When price gets to flying too very high above the cloud or very low under the cloud, it is warning of a reversal. It will not continue forever. Picture it as a plane that has risen too high above the cloud. It has to come down at least to the top of the cloud.
The other thing you want to pay attention to is the chinkou. If it has crossed the candles, that is a strong indication the trend will continue.
There are many that use the ichimoku as a standalone, because it is really 5 indicators in one, thus one look (ichimoku). I'm not that way. I use my proprietary set of S&R's, the stochastics that I use mainly as a momentum indicator, and TL's. If a market has been wrestling with the idea of breaking through the cloud, and the stochastics is indicating strong momentum, and there was an hourly close on the other side of my weekly S or R, then that is a strong indication we would get a break into the cloud. If it is a thin cloud, then it could break through the other side. If it is a strong move, then there will probably be a retracement back to the cloud, as it will act as support.
I don't know what the problem is in bring up my charts. They are posted on my blog, but I am not allowed to post it in an open forum, and I understand the moderators' reasons for that.
You do have the right idea in using a straight rigid line as containment S or R.If price seeks too far below that line, or rises to high above it, then you can expect a gravitational pull back to it, as it represents market equilibrium.
Another thing I do is watch the different time frames. If I am expecting a pullback on the daily, but the weekly is indicating the opposite, then ichimoku is saying, "Be careful." Take your position, but don't be too comfortable. I had a short on the EUR/USD because of what I was seeing on the 4-hour and daily charts, but the weekly was saying we are still headed up. I jumped out of the short for about 110 pips, and then reversed direction on it, and it all worked out. Oh yeah, LOL, I reversed direction again, so you might need a road map to keep up. I hope that clears it up a little. Feel free to comment more. You'd be surprised. By talking about the methodology, I benefit too, because it helps in further ensconcing the principles. I'm a very confident trader, but still humbled at what there is to learn. My desire is always, that the benefit is mutual.

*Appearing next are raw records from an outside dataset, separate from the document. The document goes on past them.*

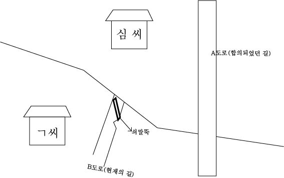 이 일로 심 씨와 ㄱ씨는 크고작은 다툼이 생겼고, 결국 화가 난 ㄱ씨는 합의를 철회하여 A길을 철거하도록 하고 현재의 B도로(그림참조)를 이용하도록 했다. 그러나 공로인 B도로에 1제곱미터도 되지 않는 삼각형 모양의 땅이 ㄱ씨 자신의 사유지로 포함되어 있음을 확인하자, 도로포장도 못하게 할뿐만 아니라, 쇠말뚝을 설치해 자동차가 다니지 못하게 했다.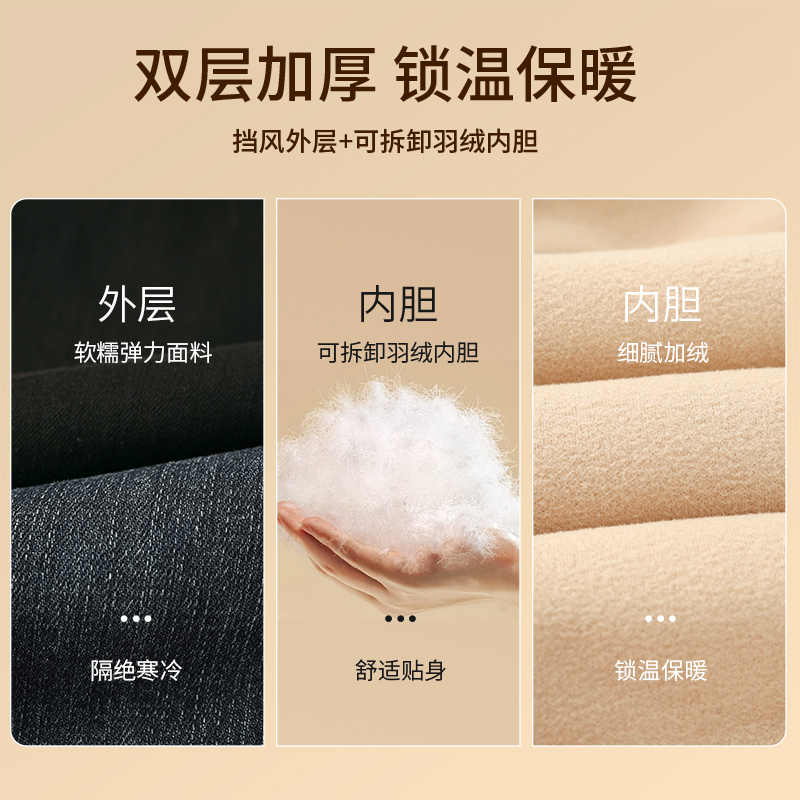 娅丽达羽绒裤加厚直筒牛仔裤女加绒裤子2025冬季新款鸭绒黑色女裤
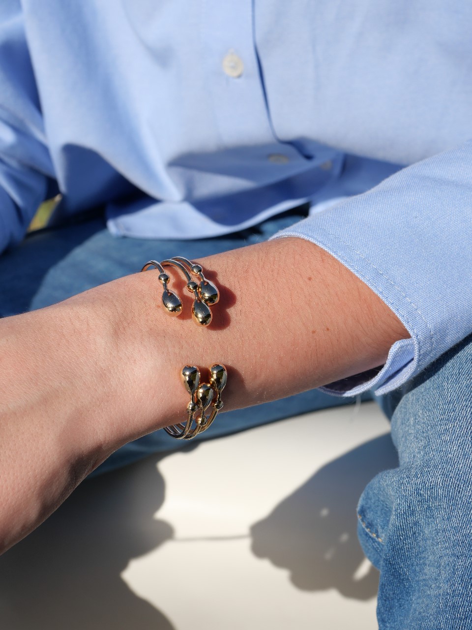 Le bracelet Plume, plaqué or 3 microns apportera une touche d’élégance à votre poignet. Ses deux gouttes créent un design minimaliste et raffiné. Un basique intemporel à porter seul ou à superposer avec d’autres bracelets.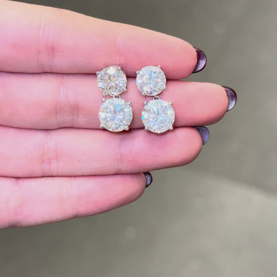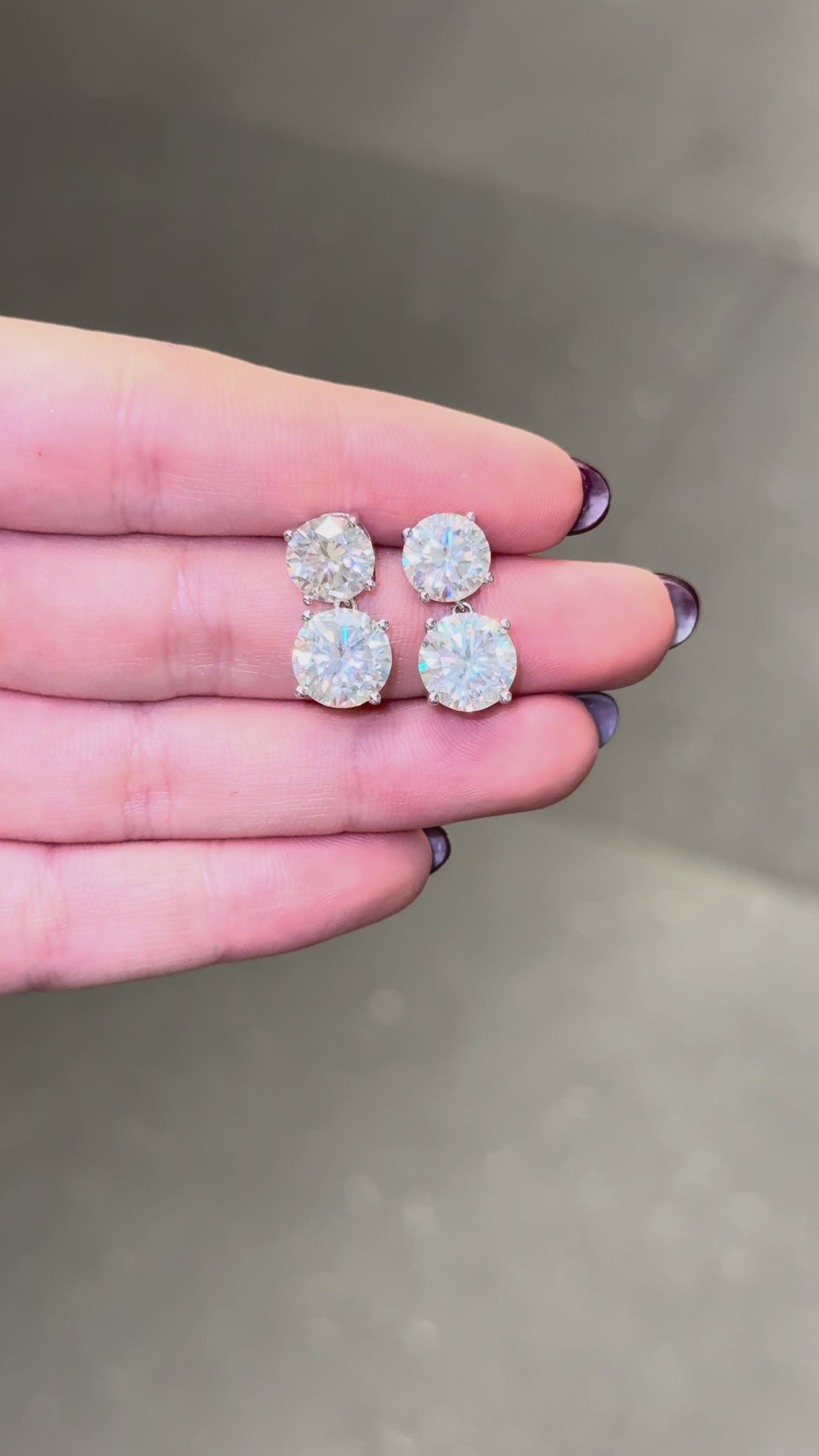 These double drop moissanite studs feature a 2ct stone on top and a 3ct stone on the bottom for a total of approximately 5cttw. Lightweight but bold, these earrings give the look of stacked diamond studs without the price tag. Perfect for date nights, events, or anyone who loves everyday glam.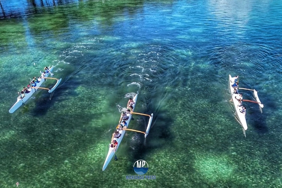 Three va’as are out in the water during practice before the Palau Pacific Mini Games

Greetings and thanks for your postings. I am also using the ichimoku cloud but rather new to this methodology. If you feel comfortable, can you describe the parameters you use and how you use the cloud formation in your trading. Since the cloud is formed 26 periods out, I have been using the already formed Kijun line (when it flattens) to project future price levels. It has some merit but certainly a work in progress. I look forward to hearing from you. BTW, I was unable to open the attachments on all your postings - the error message stated something about an invalid postings.